Although it is well established that a statute is entitled to a strong presumption of constitutionality, State v. Renalist, Inc. (1978), 56 Ohio St. 2d 276, 278, this court, in interpreting a statute cannot simply rewrite it to make it constitutional. Seeley v. Expert, Inc. (1971), 26 Ohio St. 2d 61, 71.
R. C. 2715.03 clearly requires the clerk of courts to issue the order of attachment without any form of judicial review. Although we might be able to construe other provisions in R. C. Chapter 2715, without rewriting them, in a manner in accordance with the minimum standards of due process set forth in Mitchell and Di-Chem, we cannot, without rewriting R. C. 2715.03, impose judicial review on the prejudgment attachment process.
*322We hold that the prejudgment attachment procedure provided for in R. C. Chapter 2715 fails to give a defendant sufficient due process guarantees under the United States and Ohio Constitutions due to the failure of the statute to provide for judicial supervision of the procedure.
The judgment of the Court of Appeals is modified insofar as it limits its ruling to the facts in the case at bar, and, as modified, affirmed.
Judgment affirmed, as modified.
Herbert, W. Brown, P. Brown, Sweeney and Locher, JJ., concur.
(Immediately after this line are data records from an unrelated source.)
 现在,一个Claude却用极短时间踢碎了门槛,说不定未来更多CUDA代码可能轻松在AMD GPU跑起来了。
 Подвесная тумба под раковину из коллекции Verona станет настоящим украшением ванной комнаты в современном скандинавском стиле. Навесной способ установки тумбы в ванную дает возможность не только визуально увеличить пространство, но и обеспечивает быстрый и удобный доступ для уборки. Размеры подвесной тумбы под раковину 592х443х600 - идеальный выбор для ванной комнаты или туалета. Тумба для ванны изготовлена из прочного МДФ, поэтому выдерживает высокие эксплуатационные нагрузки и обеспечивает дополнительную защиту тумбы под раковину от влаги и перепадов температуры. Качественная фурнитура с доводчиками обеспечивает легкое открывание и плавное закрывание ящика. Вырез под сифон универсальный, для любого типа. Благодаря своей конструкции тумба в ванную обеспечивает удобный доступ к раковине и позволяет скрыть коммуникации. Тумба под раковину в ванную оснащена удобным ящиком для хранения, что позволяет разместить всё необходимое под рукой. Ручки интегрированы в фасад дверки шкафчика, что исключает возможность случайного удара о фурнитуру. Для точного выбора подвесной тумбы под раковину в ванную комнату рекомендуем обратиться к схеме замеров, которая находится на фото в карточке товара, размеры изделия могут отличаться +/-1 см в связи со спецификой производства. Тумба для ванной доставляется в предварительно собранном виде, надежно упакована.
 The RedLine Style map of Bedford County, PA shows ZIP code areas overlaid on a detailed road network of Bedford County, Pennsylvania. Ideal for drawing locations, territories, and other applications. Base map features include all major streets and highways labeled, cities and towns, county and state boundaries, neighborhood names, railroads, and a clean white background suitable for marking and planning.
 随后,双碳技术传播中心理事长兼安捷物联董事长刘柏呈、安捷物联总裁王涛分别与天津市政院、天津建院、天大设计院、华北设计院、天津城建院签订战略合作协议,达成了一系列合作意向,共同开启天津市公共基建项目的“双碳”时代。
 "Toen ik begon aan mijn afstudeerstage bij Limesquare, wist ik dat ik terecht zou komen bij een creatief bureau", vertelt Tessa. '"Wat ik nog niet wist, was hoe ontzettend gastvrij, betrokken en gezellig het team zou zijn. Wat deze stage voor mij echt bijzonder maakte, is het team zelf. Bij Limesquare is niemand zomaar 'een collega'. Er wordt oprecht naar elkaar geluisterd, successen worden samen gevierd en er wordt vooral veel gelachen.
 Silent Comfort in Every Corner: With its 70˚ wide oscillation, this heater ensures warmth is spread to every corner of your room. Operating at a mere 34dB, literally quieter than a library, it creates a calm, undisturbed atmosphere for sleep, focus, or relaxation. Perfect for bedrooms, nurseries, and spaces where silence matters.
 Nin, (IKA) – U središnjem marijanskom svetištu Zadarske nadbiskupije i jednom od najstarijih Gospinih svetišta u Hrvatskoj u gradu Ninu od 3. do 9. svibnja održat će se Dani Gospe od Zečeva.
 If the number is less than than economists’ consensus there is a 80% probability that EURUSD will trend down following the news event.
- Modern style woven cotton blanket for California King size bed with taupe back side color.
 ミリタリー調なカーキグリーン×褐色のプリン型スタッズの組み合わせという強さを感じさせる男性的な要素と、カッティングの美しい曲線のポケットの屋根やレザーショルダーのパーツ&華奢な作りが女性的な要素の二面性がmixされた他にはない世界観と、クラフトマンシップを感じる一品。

Holmes, J., dissents.R. C. 2715.01 states in relevant part:
“In a civil action for the recovery of money, at or after its commencement, the plaintiff may have an attachment against the property, other than personal earnings, of the defendant upon any one of the following grounds:
“(A) Excepting foreign corporations which by compliance with the law therefore are exempted from attachment as such, that the defendant or one of several defendants is a foreign corporation;
“(B) That the defendant is not a resident of this state;
“(C) That the defendant has absconded with the intent to defraud his creditors;
‘ ‘(D) That the defendant has left the county of his residence to avoid the service of a summons;
“(E) That the defendant so conceals himself that a summons cannot be served upon him;
“(F) That the defendant is about to remove his property, in whole or part, out of the jurisdiction of the court, with the intent to defraud his creditors;
“(G) That the defendant is about to convert his property, in whole or part, into money, for the purpose of placing it beyond the reach of his creditors;
“(H) That the defendant has property or rights in action, which he conceals;
“(I) That the defendant has assigned, removed, disposed of, or is about to dispose of, his property, in whole or part, with the intent to defraud his creditors;
“(J) That the defendant has fraudulently or criminally contracted the debt, or incurred the obligations for which suit is about to be or has been brought;
“(K) That the claim is for work or labor, or for necessaries;
“(L) That the defendant has not complied with the provisions of sections 1306.01 to 1306.09, inclusive, of the Revised Code, relating to bulk transfers.”